WHAT THE TASK ASKS> Without including any images, repeat the listing below exactly.

(INFORMATION SHOWN begins)

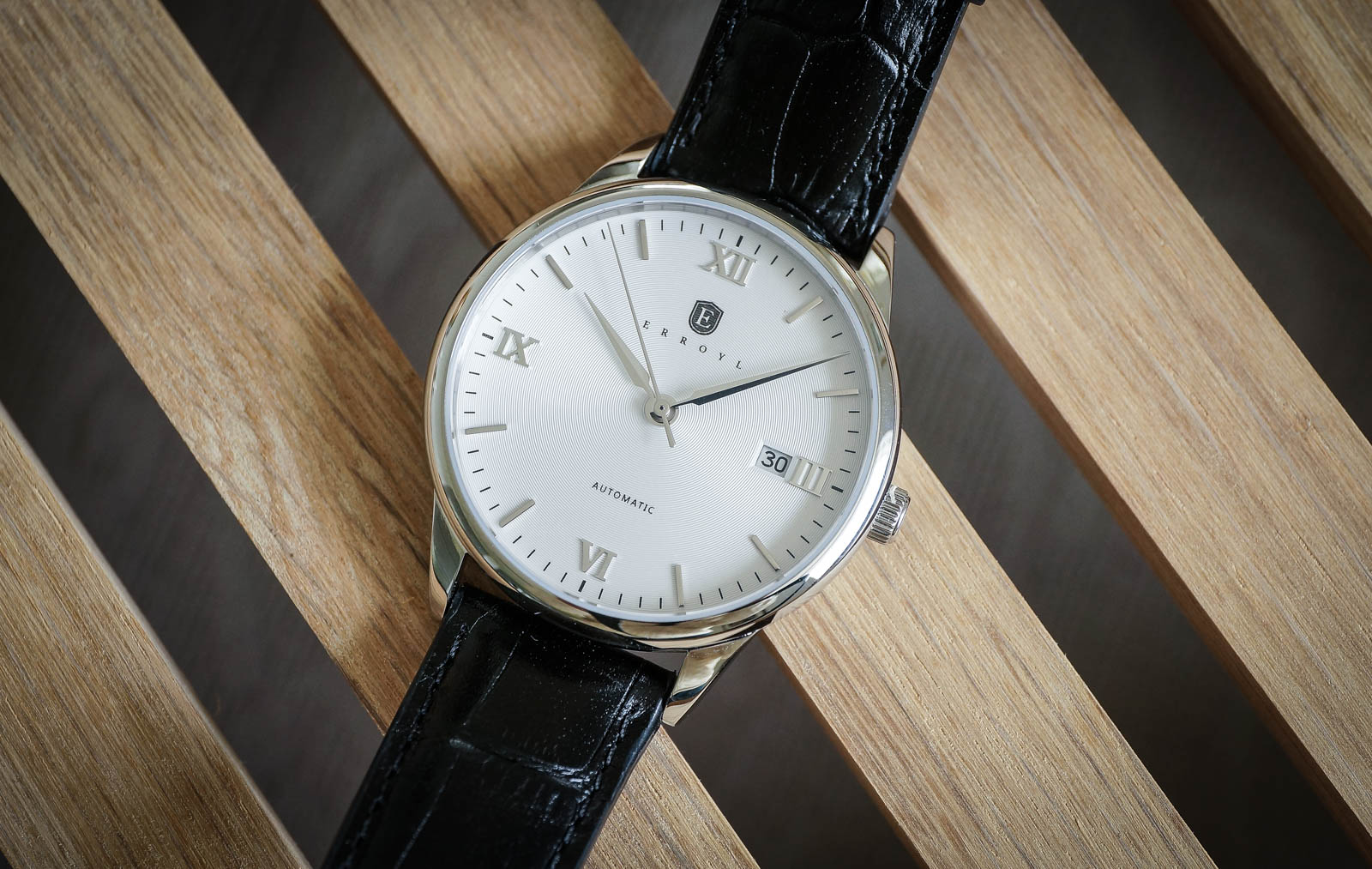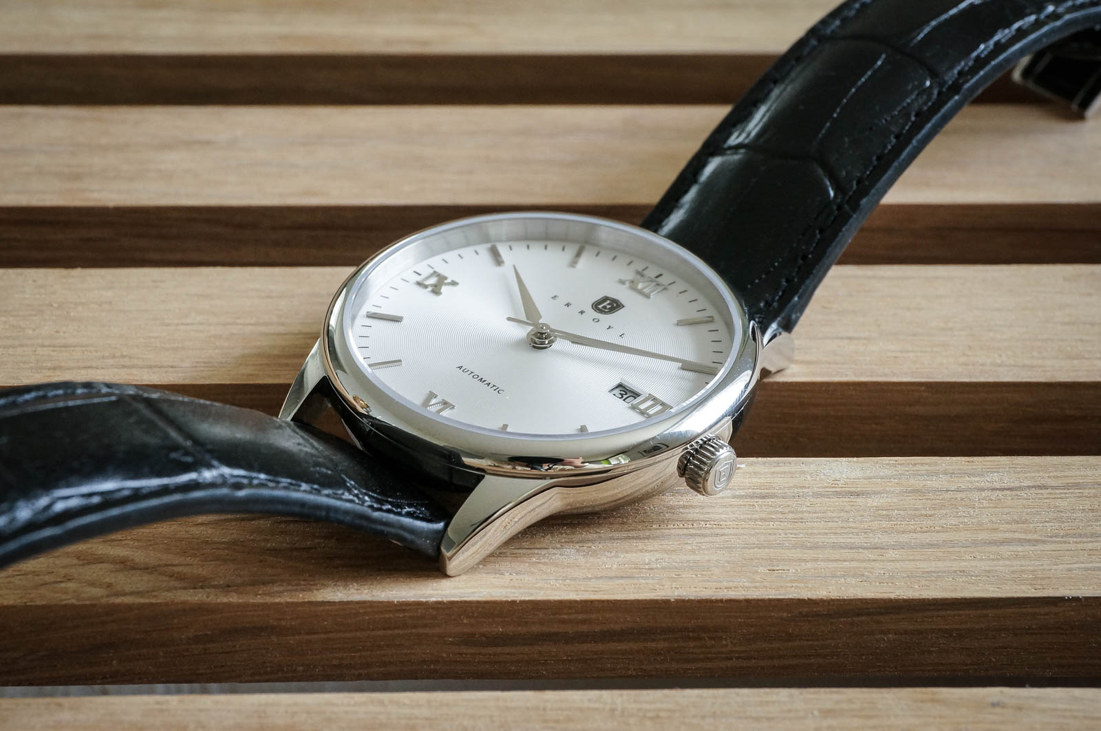 Erroyl har valgt å gå for et helpolert ytre, med buet bezel, avrundet mellomkasse og buet baklokk. Gitt de fysiske dimensjonene, fungerer dette bra, og kombinert med relativt korte buede og avrundede horn, fremstår uret som nokså kompakt. Det er bra, for klumpete og store helpolerte ur har en tendens til å fremstå som noe simple.
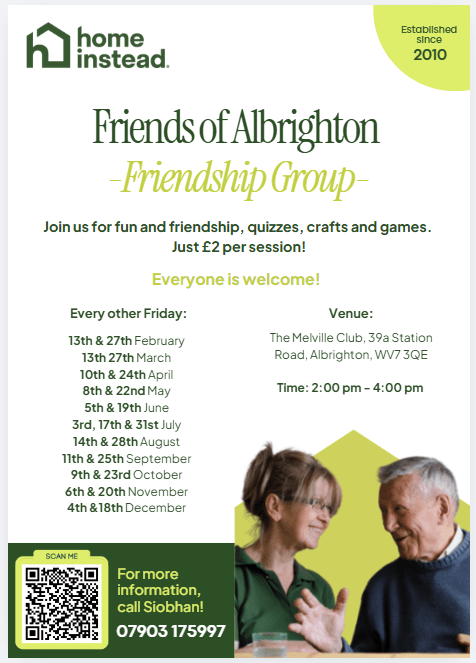 Our events are very popular for those aged 55 and over in Albrighton and the surrounding hamlets. We enjoy bringing together the community for a range of classes, events and days out. Our wonderful team of volunteers help to host, transport and support those in our wonderful village. We work hard to create a welcoming environment and a warm welcome to our purpose-built club.
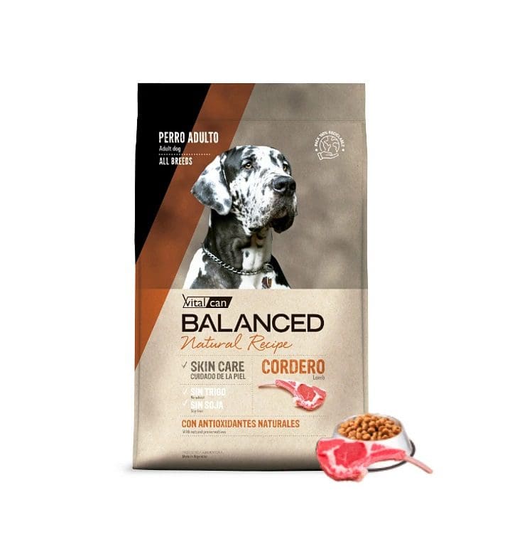 Vitalcan Balanced Natural Recipe Cordero es un alimento indicado para perros adultos de todas las razas con y sin sensibilidad digestiva y/o cutánea. Con una única fuente de proteína de origen animal (cordero) que ayuda a minimizar las posibles reacciones al alimento en perros alérgicos y/o intolerantes alimentarios. Con el agregado de fibras saludables, yucca schidigera y zeolita que favorecen el proceso digestivo generando heces firmes. Y enriquecido con aceite de pescado, fuente de omega 3, que es un excelente antinflamatorio natural que contribuye a mantener la salud intestinal y cutánea.
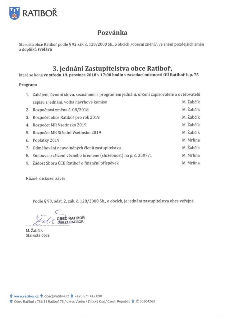se konalo 19. prosince 2018 v zasedací místnosti OÚ Ratiboř

(INFORMATION SHOWN ends)

ANSWER TO THE PROBLEM>
 Erroyl har valgt å gå for et helpolert ytre, med buet bezel, avrundet mellomkasse og buet baklokk. Gitt de fysiske dimensjonene, fungerer dette bra, og kombinert med relativt korte buede og avrundede horn, fremstår uret som nokså kompakt. Det er bra, for klumpete og store helpolerte ur har en tendens til å fremstå som noe simple.
 Our events are very popular for those aged 55 and over in Albrighton and the surrounding hamlets. We enjoy bringing together the community for a range of classes, events and days out. Our wonderful team of volunteers help to host, transport and support those in our wonderful village. We work hard to create a welcoming environment and a warm welcome to our purpose-built club.
 Vitalcan Balanced Natural Recipe Cordero es un alimento indicado para perros adultos de todas las razas con y sin sensibilidad digestiva y/o cutánea. Con una única fuente de proteína de origen animal (cordero) que ayuda a minimizar las posibles reacciones al alimento en perros alérgicos y/o intolerantes alimentarios. Con el agregado de fibras saludables, yucca schidigera y zeolita que favorecen el proceso digestivo generando heces firmes. Y enriquecido con aceite de pescado, fuente de omega 3, que es un excelente antinflamatorio natural que contribuye a mantener la salud intestinal y cutánea.
se konalo 19. prosince 2018 v zasedací místnosti OÚ Ratiboř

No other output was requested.